One desirable result of this good fortune was a change of residence to a higher part of the town, where the air was purer, and access to green fields easier. To this end in the Spring of 1887 we took a little house for three years in Goldhurst Terrace, South Hampstead. As it was numbered 17a, much annoyance was caused as our letters frequently were delivered at No. 17. A name therefore had to be found, and we dubbed our new home Wescam, a name made up of the initials of my husband, myself and our friend Mrs. Caird whose town house was within two minutes’ walk of us. There was a sunny study for the invalid on the ground floor, to obviate as much as possible the need of going up and down stairs.
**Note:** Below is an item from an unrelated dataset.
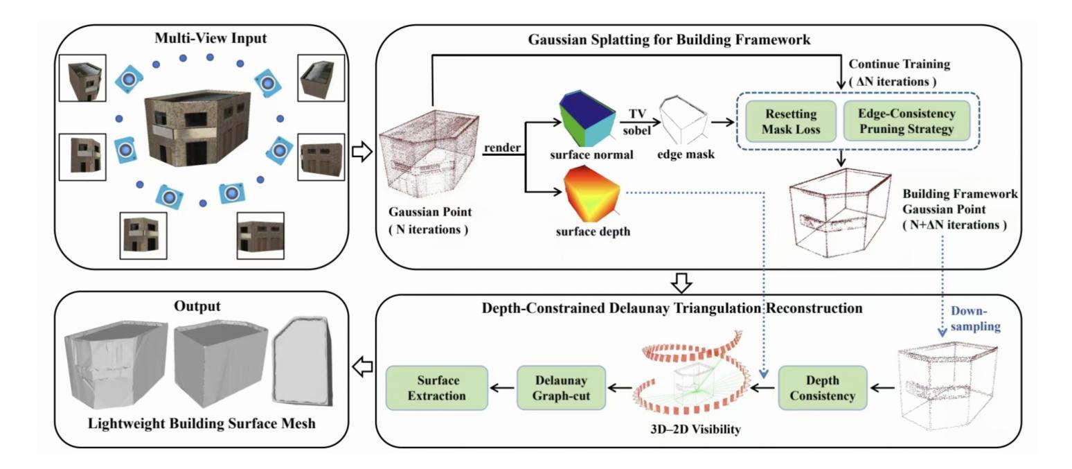 该文介绍了一种名为SF-Recon的方法,该方法可从多视角图像直接重建轻量级建筑表面模型,无需后续网格简化。通过初始的3D高斯喷溅(3DGS)场获得视角一致表示,随后通过正常梯度引导的高斯优化和基于多视角边缘一致性的修剪来增强结构锐度和抑制非结构伪影,最后通过多视角深度约束Delaunay三角剖分将结构化高斯场转换为轻量级、结构真实的建筑网格。

The immediate improvement in his health from the higher air and new conditions was so marked that we had every reason to hope it would before many months be practically re-established.

The most important undertaking after the long illness was the monograph on Shelley written for Great Writers’ Series (Walter Scott) and published in the autumn of 1887. It was a work of love, for Shelley had been the inspiring genius of his youth, the chief influence in his verse till he knew Rossetti. He was in sympathy with much of Shelley’s thought: with his hatred of rigid conventionality, of the tyranny of social laws; with his antagonism to existing marriage and divorce laws, with his belief in the sanctity of passion when called forth by high and true emotion. He exclaimed that

“It is my main endeavour in this short life of Shelley to avoid all misstatement and exaggeration; to give as real a narrative of his life from the most reliable sources as lies within my power; to recount without detailed criticism and as simply and concisely as practicable, the record of his poetic achievements. To this end I shall chiefly rely on anecdote and explanatory detail, or poems and passages noteworthy for their autobiographical or idiosyncratic value, and on indisputable facts.”

He proposed merely to give a condensation of all really important material; and based his monograph mainly on Professor Dowden’s memorable work (then recently published). Many statements written by William Sharp about Shelley may be quoted as autobiographic of himself. For instance: “From early childhood he was a mentally restless child. Trifles unnoticed by most children seem to have made keen and permanent impression on him—the sound of wind, the leafy whisper of trees, running water. The imaginative faculties came so early into play, that the unconscious desire to create resulted in the invention of weird tales sometimes based on remote fact in the experience of more or less weird hallucinations.”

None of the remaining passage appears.